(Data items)
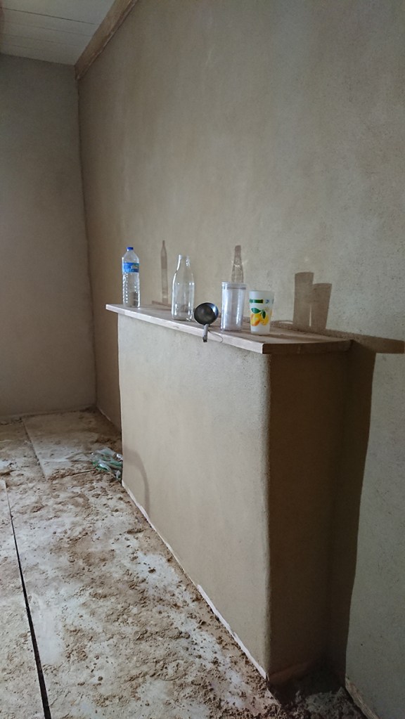 Une journée de travail pour réaliser 6 mélanges et finaliser la chambre Ouest. Ces quelques jours passés laissent ainsi voir une différence de couleur entre les pans de mur en fonction du séchage.
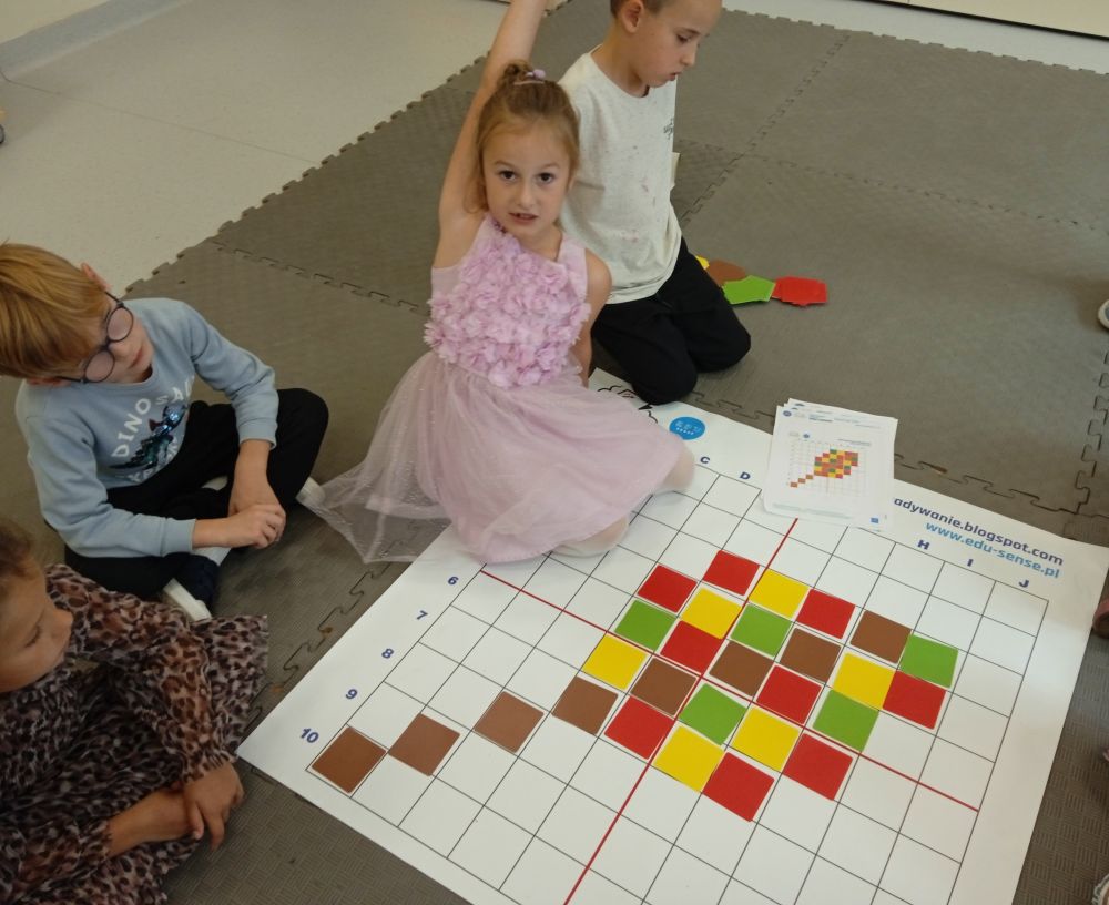 W miesiącu wrześniu dzieci z gr. Kotki realizowały trzy tematy -Witamy w przedszkolu, Ja, ty, my - tworzymy zakodowany grupowy kodeks, Dary jesieni. Poprzez zabawy offline i online zapoznały się z matą do kodowania- posługiwały  się pojęciami: w prawo, w lewo, do góry, w dół , odszukiwały na macie pole określone za pomocą dwóch współrzędnych, miały możliwość  tworzenia  logicznych  instrukcji  dotyczących  codziennych czynności, układały kody z wykorzystaniem symboli. Poznały robota Ozobot Bit  oraz zasady  jego sterowania - za pomocą kolorowych kodów programowały robota, tak aby poruszał się po wyznaczonej trasie.
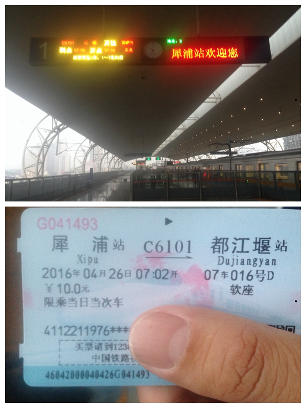 26日晨,差不多是最早一班的城际高铁,从犀浦到青城山。没有坐到终点,而是都江堰站下车。票价,只有十元。
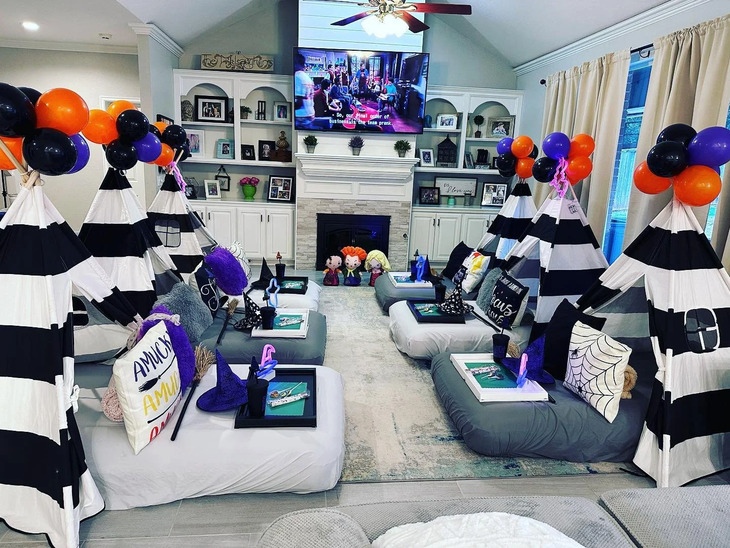 We have several holiday themes to choose from if you are throwing a festive party or have family coming into visit and want to add some spice to their sleeping arrangements!
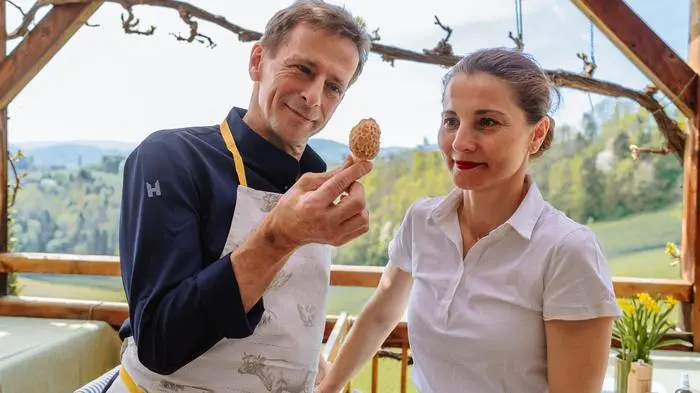 Genau dort haben meine Eltern die Morcheln für das heute vorgestellte Gericht gefunden. Da nämlich auch Joachim Gradwohl mit seiner Partner Lilli Kollar vom Restaurant „Lilli & Jojo“ bei der Suche nicht fündig wurden, konnten wir glücklicherweise quasi in letzter Minute auf tolle Morcheln aus dem Familienfund zurückgreifen. Und der „Gault&Millau“-Koch des Jahres 2007 zeigte sich ob des beachtlichen Fundes mehr als begeistert. Denn: „Wenn sie da sind, sind sie eigentlich auch schon wieder weg“, lacht der erfahrene Koch. Zusammen mit seiner Lebensgefährtin verwöhnt er seit knapp vier Jahren begeisterte Gäste im Wirtshaus an der südsteirischen Weinstraße.
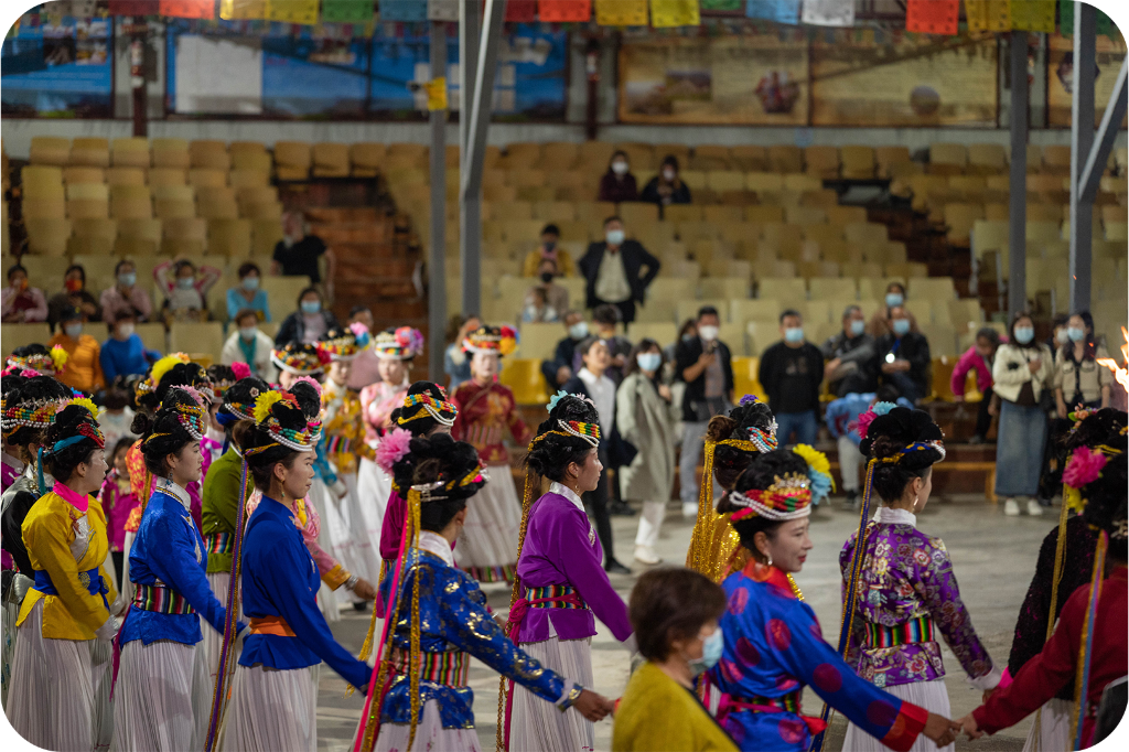 首先是晚会的热身环节,几十位身穿传统民族服饰的女子开始翩翩起舞。
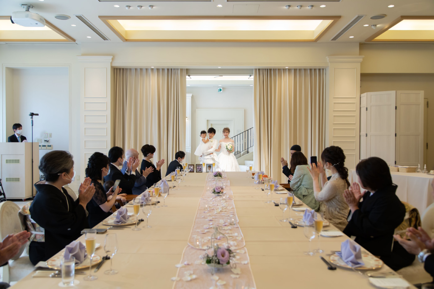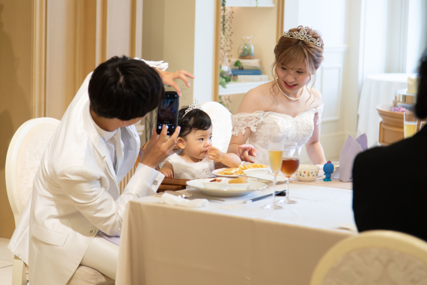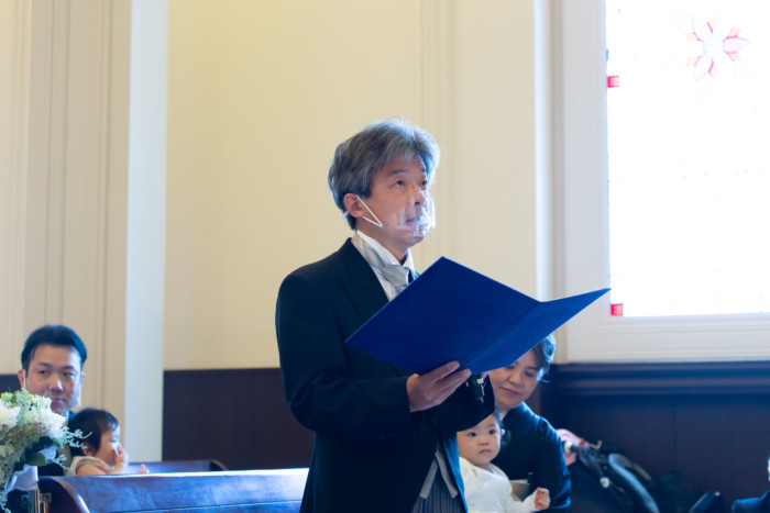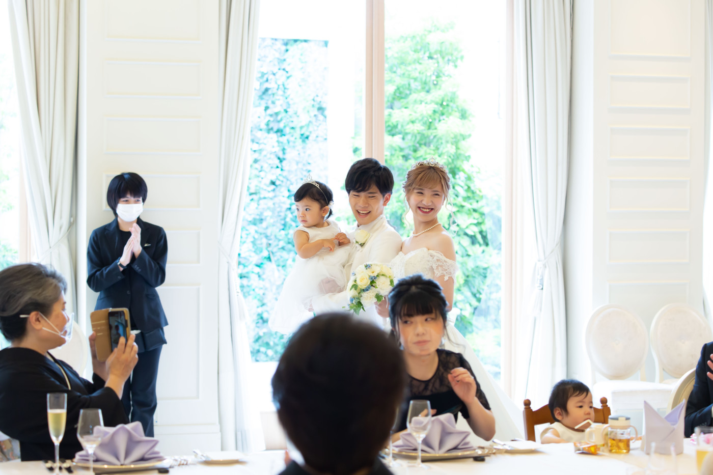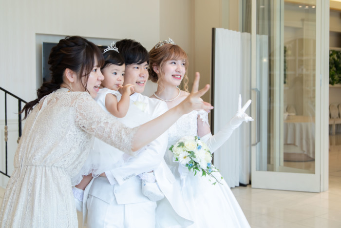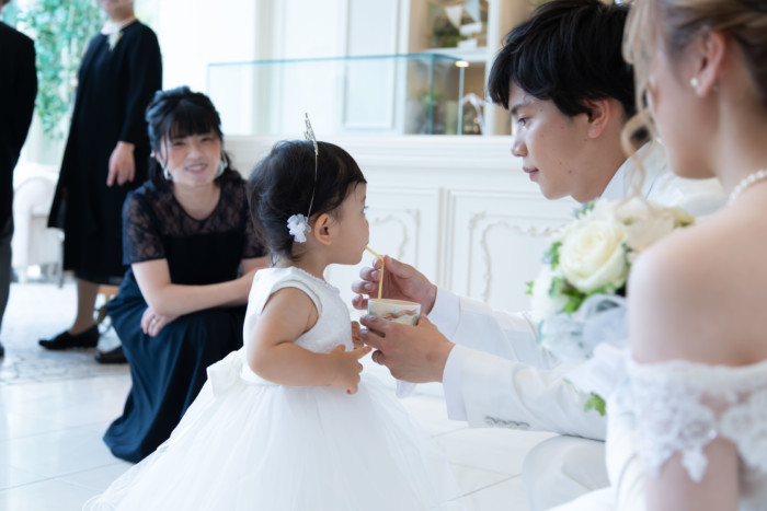 ゲストみなさまに結婚の誓いを承認して頂く、人前式。 両家お父様より誓いの言葉を問いかける家族の温かいセレモニーに。 披露宴会場では、小さなお子様にも安心して過ごしていただけるキッズスペースを用意。 たくさんのお写真を撮ったり、皆様とお話がしっかり出来る空間に。 家族に感謝の気持ちを伝えられる、温かくて笑顔いっぱいの1日となりました。
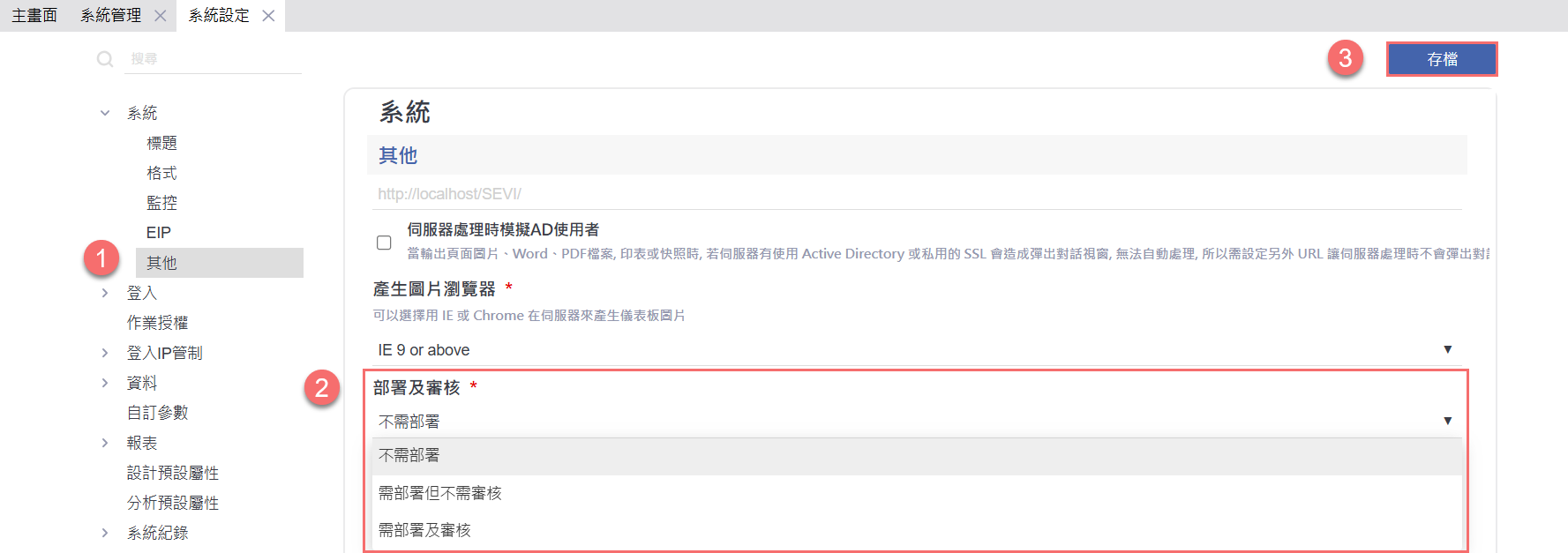 若需啟用「部署」或「審核」功能,可依下列步驟於系統管理中進行設定:

● Work required: When you copy the entries above, keep every word exactly and omit the images.

● Result:
 Une journée de travail pour réaliser 6 mélanges et finaliser la chambre Ouest. Ces quelques jours passés laissent ainsi voir une différence de couleur entre les pans de mur en fonction du séchage.
 W miesiącu wrześniu dzieci z gr. Kotki realizowały trzy tematy -Witamy w przedszkolu, Ja, ty, my - tworzymy zakodowany grupowy kodeks, Dary jesieni. Poprzez zabawy offline i online zapoznały się z matą do kodowania- posługiwały  się pojęciami: w prawo, w lewo, do góry, w dół , odszukiwały na macie pole określone za pomocą dwóch współrzędnych, miały możliwość  tworzenia  logicznych  instrukcji  dotyczących  codziennych czynności, układały kody z wykorzystaniem symboli. Poznały robota Ozobot Bit  oraz zasady  jego sterowania - za pomocą kolorowych kodów programowały robota, tak aby poruszał się po wyznaczonej trasie.
 26日晨,差不多是最早一班的城际高铁,从犀浦到青城山。没有坐到终点,而是都江堰站下车。票价,只有十元。
 We have several holiday themes to choose from if you are throwing a festive party or have family coming into visit and want to add some spice to their sleeping arrangements!
 Genau dort haben meine Eltern die Morcheln für das heute vorgestellte Gericht gefunden. Da nämlich auch Joachim Gradwohl mit seiner Partner Lilli Kollar vom Restaurant „Lilli & Jojo“ bei der Suche nicht fündig wurden, konnten wir glücklicherweise quasi in letzter Minute auf tolle Morcheln aus dem Familienfund zurückgreifen. Und der „Gault&Millau“-Koch des Jahres 2007 zeigte sich ob des beachtlichen Fundes mehr als begeistert. Denn: „Wenn sie da sind, sind sie eigentlich auch schon wieder weg“, lacht der erfahrene Koch. Zusammen mit seiner Lebensgefährtin verwöhnt er seit knapp vier Jahren begeisterte Gäste im Wirtshaus an der südsteirischen Weinstraße.
 首先是晚会的热身环节,几十位身穿传统民族服饰的女子开始翩翩起舞。
 ゲストみなさまに結婚の誓いを承認して頂く、人前式。 両家お父様より誓いの言葉を問いかける家族の温かいセレモニーに。 披露宴会場では、小さなお子様にも安心して過ごしていただけるキッズスペースを用意。 たくさんのお写真を撮ったり、皆様とお話がしっかり出来る空間に。 家族に感謝の気持ちを伝えられる、温かくて笑顔いっぱいの1日となりました。
 若需啟用「部署」或「審核」功能,可依下列步驟於系統管理中進行設定:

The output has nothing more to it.